ApplicationApplication: Accessing Members of a Namespace

  1. To access the content of a namespace, change the document as follows:
    public class DepartmentStore
    {
        static int Main()
        {
            Store.StoreItem si = new Store.StoreItem();
    
            si.itemNumber = 613508;
            si.itemName = "Merino Crew Neck Cardigan";
            si.unitPrice = 80.00M;
    
            System.Console.WriteLine("Store Inventory");
            System.Console.Write("Item #:     ");
            System.Console.WriteLine(si.itemNumber);
            System.Console.Write("Item Name:  ");
            System.Console.WriteLine(si.itemName);
            System.Console.Write("Unit Price: ");
            System.Console.WriteLine(si.unitPrice);
            
            System.Console.ReadKey();
            return 0;
        }
    }
    
    namespace Store
    {
        public class StoreItem
        {
            public int itemNumber;
            public string itemName;
            public decimal unitPrice;
        }
    }
  2. Execute the application to see the result:
    Store Inventory
    Item #:     613508
    Item Name:  Merino Crew Neck Cardigan
    Unit Price: 80.00
  3. Press Enter and return to your programming environment

Creating and Using Many Namespaces

 

Introduction

In the above example, we created one namespace in a file. In the same way, you can create many namespaces in the same file, as long as the body of each namespace is appropriately delimited. Here is an example:

namespace RealEstate
{
    public class House
    {
        public string propertyNumber;
        public decimal price;
    }
}

namespace Dealership
{
    public class Car
    {
    }
}

You can also create namespaces in various files. For example, you can create each namespace in its own file, or you can create a group of namespaces in one file and one or a group of namespaces in another file. After creating the files, to access the content of a namespace, you can qualify the name of the class.
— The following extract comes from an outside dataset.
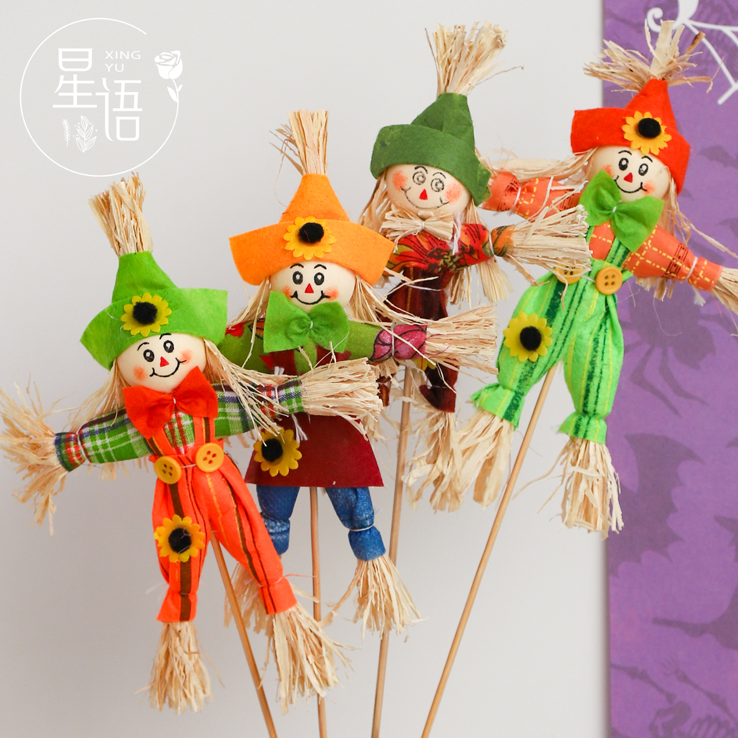 星语 万圣节稻草人鲜花束礼品装饰摆件插件氛围感diy花艺包装材料,浙江 金华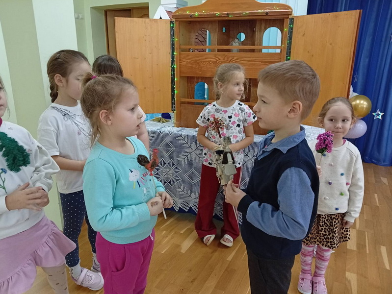 Особый интерес у дошкольников вызвала сказка «Как милосердная курочка петушка спасла». Дети были так впечатлены сюжетом, что решили разучить и показать эту поучительную историю в кукольном театре «Батлейка» для воспитанников младшей группы.

ApplicationApplication: Creating Many Namespaces

  1. To create a new file, on the main menu, click Project -> Add New Item...
  2. If necessary, in the left list, click Code.
    In the right list, click Code File
  3. Change the Name to Records and press Add
  4. Change the document as follows:
    namespace Store
    {
        public class StoreItem
        {
            public int itemNumber;
            public string itemName;
            public decimal unitPrice;
        }
    }
  5. To create a new file, on the main menu, click Project -> Add New Item...
  6. If necessary, in the left list, click Code.
    In the right list, click Code File
  7. Change the Name to Suppliers and press Add
  8. Change the document as follows:
    namespace Supply
    {
        public class Manufacturer
        {
            public string companyName;
            public string contactName;
            public string contactPhone;
        }
    }
  9. To access the other file, click the DepartmentStore.cs label
  10. To use the namespaces, change the document as follows:
    public class DepartmentStore
    {
        static int Main()
        {
            Supply.Manufacturer dealer = new Supply.Manufacturer();
            dealer.companyName = "Peel Corp";
            dealer.contactName = "Sylvain Yobo";
            dealer.contactPhone = "(602) 791-8074";
    
            Store.StoreItem si = new Store.StoreItem();
    
            si.itemNumber = 613508;
            si.itemName = "Merino Crew Neck Cardigan";
            si.unitPrice = 80.00M;
    
            System.Console.WriteLine("Store Inventory");
            System.Console.Write("Item #:     ");
            System.Console.WriteLine(si.itemNumber);
            System.Console.Write("Item Name:  ");
            System.Console.WriteLine(si.itemName);
            System.Console.Write("Unit Price: ");
            System.Console.WriteLine(si.unitPrice);
    
            System.Console.ReadKey();
            return 0;
        }
    }

Using a Namespace

We saw that, to call an object or a method that is part of a namespace, you must "qualify" the object using the period operator. Instead of using this approach, if you already know the name of a namespace that exists or has been created in another file, you can use a special keyword to indicate that you are using a namespace that is defined somewhere. This is done with the using keyword. To do this, on top of the file (preferably), type using followed by the name of the namespace.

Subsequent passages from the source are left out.